Proportional voting reform doesn’t have to mean the loss of local representation. Here’s how…

Just 24% of registered voters crossed the box next to Conservative at the last general election. They achieved just 36.9% of the votes cast, yet through the flagrant unfairness of our First Past the Post system landed a majority in the house. This left the Conservatives with a third more seats than they reasonably deserved, and they weren’t even the biggest winners from this system. The SNP were backed by half of Scottish voters but took all but three of Scotland’s 59 seats, leaving the Scottish contingent of parliament reminiscent of some pseudo-democratic one-party state.

And where the Conservatives and the SNP stood to gain hugely from this statistical inequality, other parties lost out. UKIP were the biggest losers of this stacked deck: 3.8 million people put a cross next to the Eurosceptic party, but were landed with only a single MP. In fact, the SNP received half the number of votes of UKIP but ended up with a whopping 56 times more MPs. The Greens also suffered heavily, ending up no better off than last time, despite more than tripling their number of votes to 1.1 million. Our creaking system also produced baffling quirks; Labour gained votes from the previous election, but lost 26 seats; deemed to be a staggering defeat by political pundits, despite actually constituting a small improvement. The election also produced the lowest ever vote share for an elected MP, when just 24.5% of voters selected the SDLP candidate Alasdair McDonnel, meaning more than three-quarters of his constituents’ votes counted for nothing.

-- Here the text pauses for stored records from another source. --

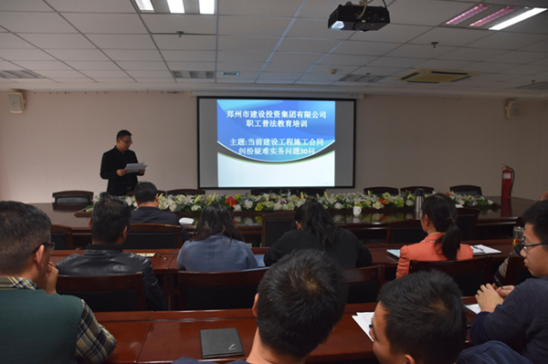 11月30日下午,根據(jù)《鄭州市人民政府國有資產(chǎn)監(jiān)督管理委員會關(guān)于印發(fā)鄭州市國資系統(tǒng)2018年“12·4”國家憲法日集中法治宣傳活動方案的通知》要求,為弘揚憲法精神,建設法治鄭州,集團公司在25樓會議室開展了《建設工程施工合同糾紛疑難實務問題》解讀培訓活動。本次教育培訓活動為視頻培訓,培訓課件主講人為袁華之律師,集團公司80多名員工參加本次活動。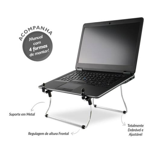 Suporte Notebook Reliza Aço 5 Regulagens Até 20Kg - Cor: Cromo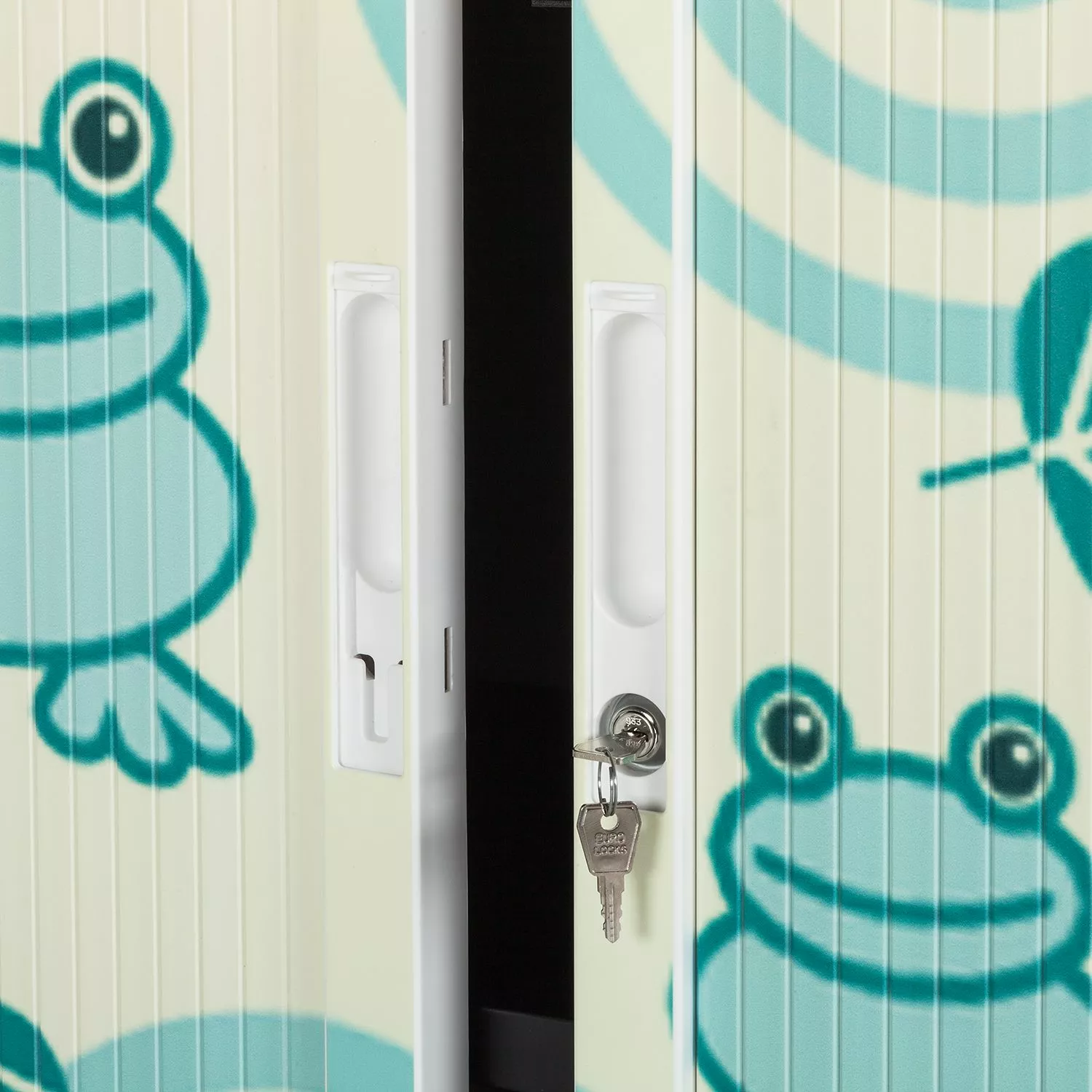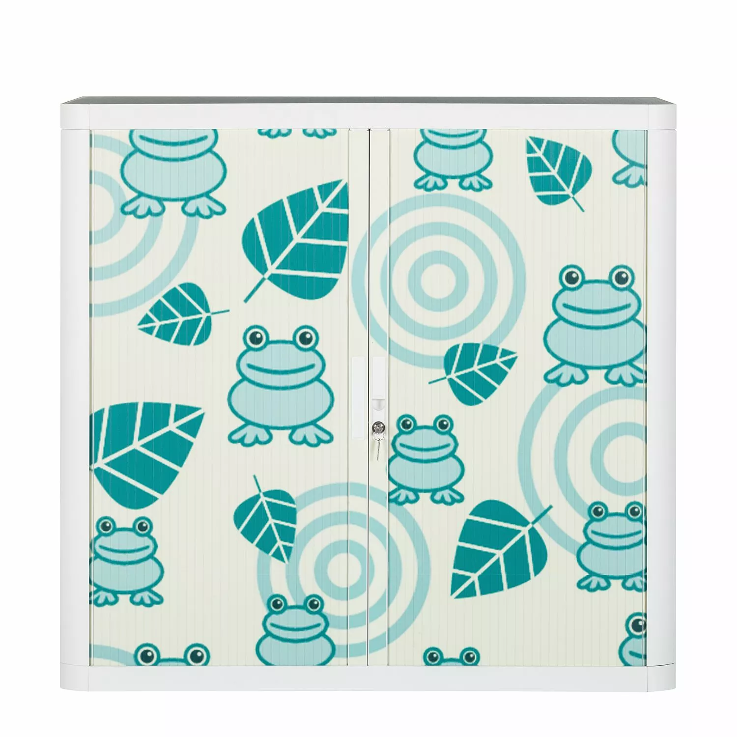 - Korpus: WeißOberplatte: PetrolFront: Gelb mit türkisen Fröschen & Blättern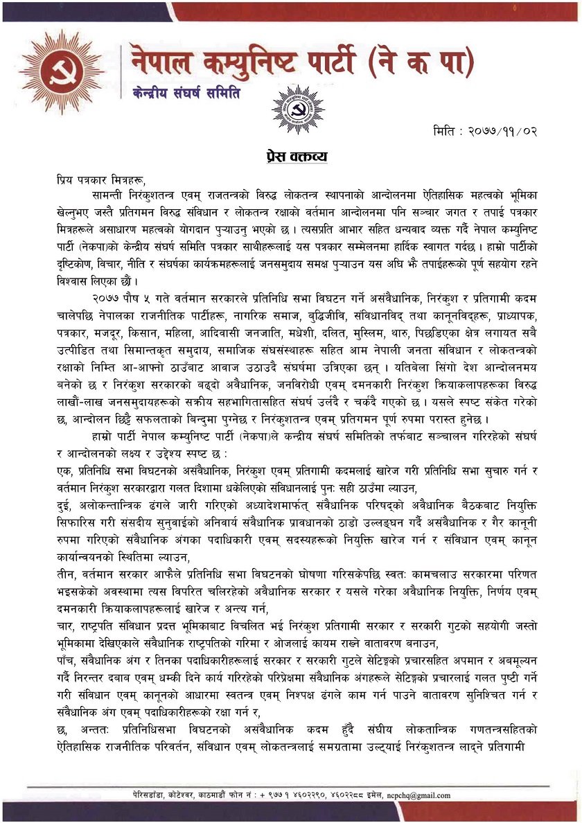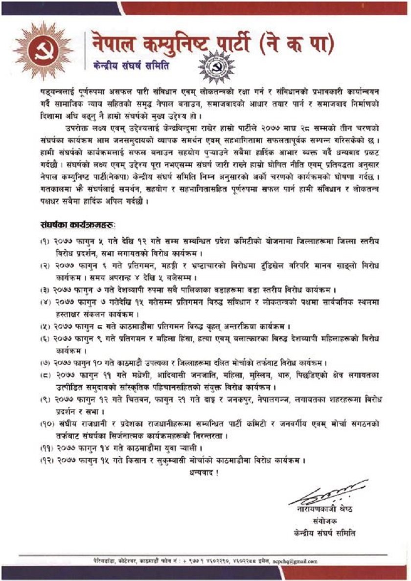 फागुन १२ गते चितवन, फागुन २१ गते दाङ्ग र जनकपुर, नेपालगञ्ज, लगायतका शहरहरूमा विरोध प्रदर्शन र सभा र संघीय राजधानी र प्रदेशका राजधानीहरूमा सम्बन्धित पार्टी कमिटी र जनवर्गीय एवम् मोर्चा संगठनको तर्फबाट संघर्षका सिर्जनात्मक कार्यक्रमहरूको निरन्तरता दिइने नेता योगेश भट्टराईले जानकारी दिए । प्रधानमन्त्री केपी शर्मा ओलीले प्रतिनिधिसभा विघटन गरेपछि प्रचण्ड–नेपाल समूह आन्दोलनमा छ ।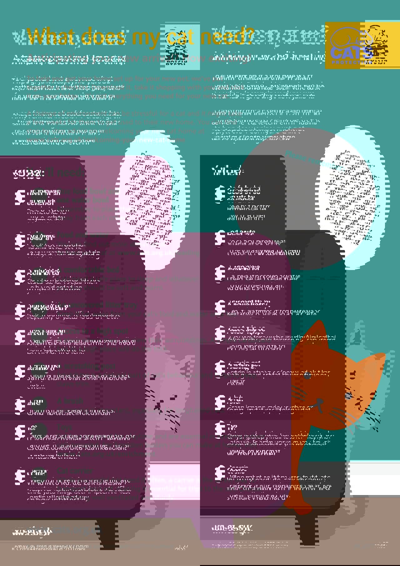 - Food and water. Wondering what to feed your cat? You can find out more about their nutritional needs here: Feeding cats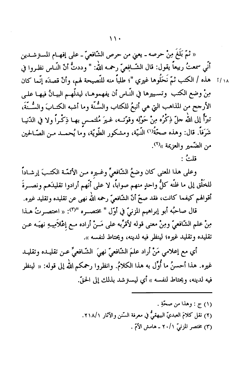 وعلى هذا المعنى كان وضع الشافعي وغيره من الأئمة الكتب إرشادا للخلق إلى ما ظنه كل واحد منهم صوابا, لا على أنهم أرادوا تقليدهم ونصرة أقوالهم كيفما كانت, فقد صح أن الشافعي رحمه الله نهى عن تقليده وتقليد غيره.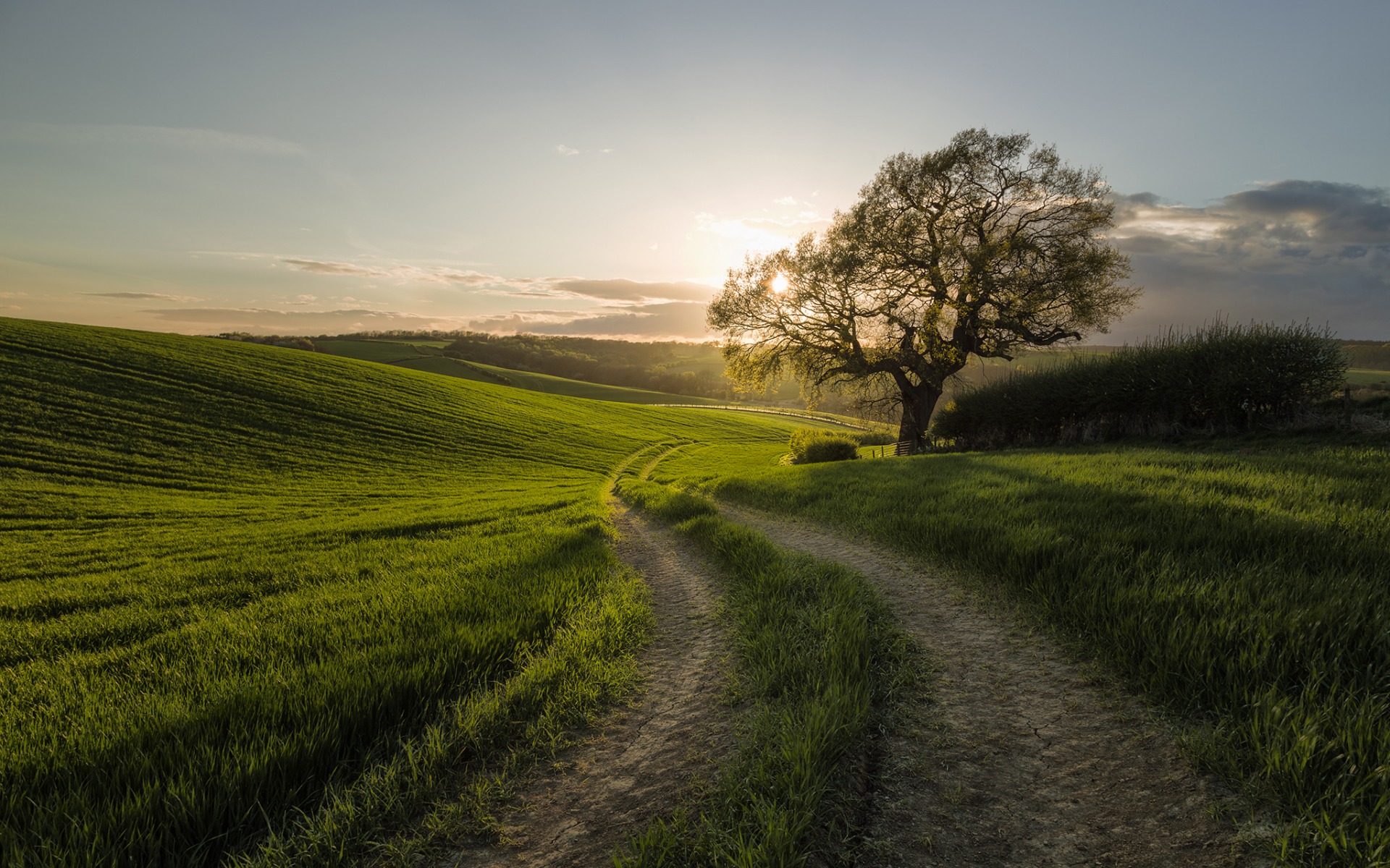 Description: A dirt road going through a green field with a tree in the distance at sunset or dawn or dawn.

Increasingly, every election shows up First Past the Post for what it really is: an unfair and undemocratic system that protects the most powerful parties and denies smaller parties any reasonable chance to get their foot in the door. Over 9% of voters said they voted tactically in the last election to keep another party out. These people were effectively denied the right to vote for the party they believed in because they already knew it was a wasted vote. Meanwhile there are people that have been voting for the same party for their entire lives and never had their vote count for anything, as they live in hostile strongholds.

Critics of proportional representation argue that such a system loses the link between communities and local representation. In a national system, this is certainly true, although evidence suggests that for many this link has already been broken; a 2013 survey showed that only 22% of Brits could name their local MP. Yet it’s right that individuals should be able to lobby a designated MP who advocates on behalf of issues relevant to their local community, and is familiar with their area’s circumstances. But it must also be remembered that while a local MP is supposed to represent the interests of their constituents, the reality is that they are a representative of a party, and therefore usually only represent the issues that are the basis of their campaign platform. If you have a UKIP MP, you’ll be facing a struggle to get them to represent your desire to stay in the European Union in parliament.

So how do we reconcile a fairer, more proportionally representative system of voting with the need to maintain community MPs? May I present to you, ladies and gentlemen: superconstituencies.

Let me explain how this would work. Superconstituencies would be formed by amalgamating existing constituencies into a larger bloc, perhaps in groups of ten, although research and debate should be conducted to confirm the most effective and appropriate size. All of these superconstituencies would reflect broadly equally sized populations. To ensure  continued proportionality across the country, a mechanism could be introduce to review these constituencies at every ten year census. Superconstituencies formed from ten existing constituencies would mean there were approximately sixty superconstituencies across the country, although these could be tweaked a little as logic dictates (for example if a superconstituency didn’t quite cover a logical area, like the population of a small town). Each superconstituency would be represented by ten MPs, but instead of submitting a prospective MP to each one, parties would submit lists of ten MPs ranked by preference to voters, who would then vote for their party of preference as they do now. For every ten percent of the vote achieved, each party would gain one MP from their list proportionally. So if 40% of voters within your superconstituency backed Labour, your superconstituency would be represented by 4 Labour MPs, with the rest of the seats divvied up between the other parties on a proportional basis.

Not only would this ensure that communities were still represented by local MPs, but it would actually improve community representation by giving voters a greater choice of local representation towards which they could target their campaigning. The pro-EU constituent currently represented in parliament by UKIP would now have the choice to lobby one of their other superconstituency MPs who might be sympathetic to their view, and therefore more willing to bring that issue to parliament.

This election exposed the dysfunction of our current electoral system in the strongest possible terms, in which 74% of votes counted for nothing. These voters may as well have stayed at home. A consensus is building across the political spectrum that something has to change. Now, only the Labour and Conservative political establishment cynically resists this movement, and even some of their MPs are beginning to shift. It’s hard to ignore reality; Global Democracy Ranking’s top ten democracies ALL use proportionally representative systems. Superconstituency proportional representation is a system that could maintain Britain’s tradition of community representation, while overhauling our creaking electoral system; dragging it kicking and screaming into the twenty-first century. It really is a no-brainer.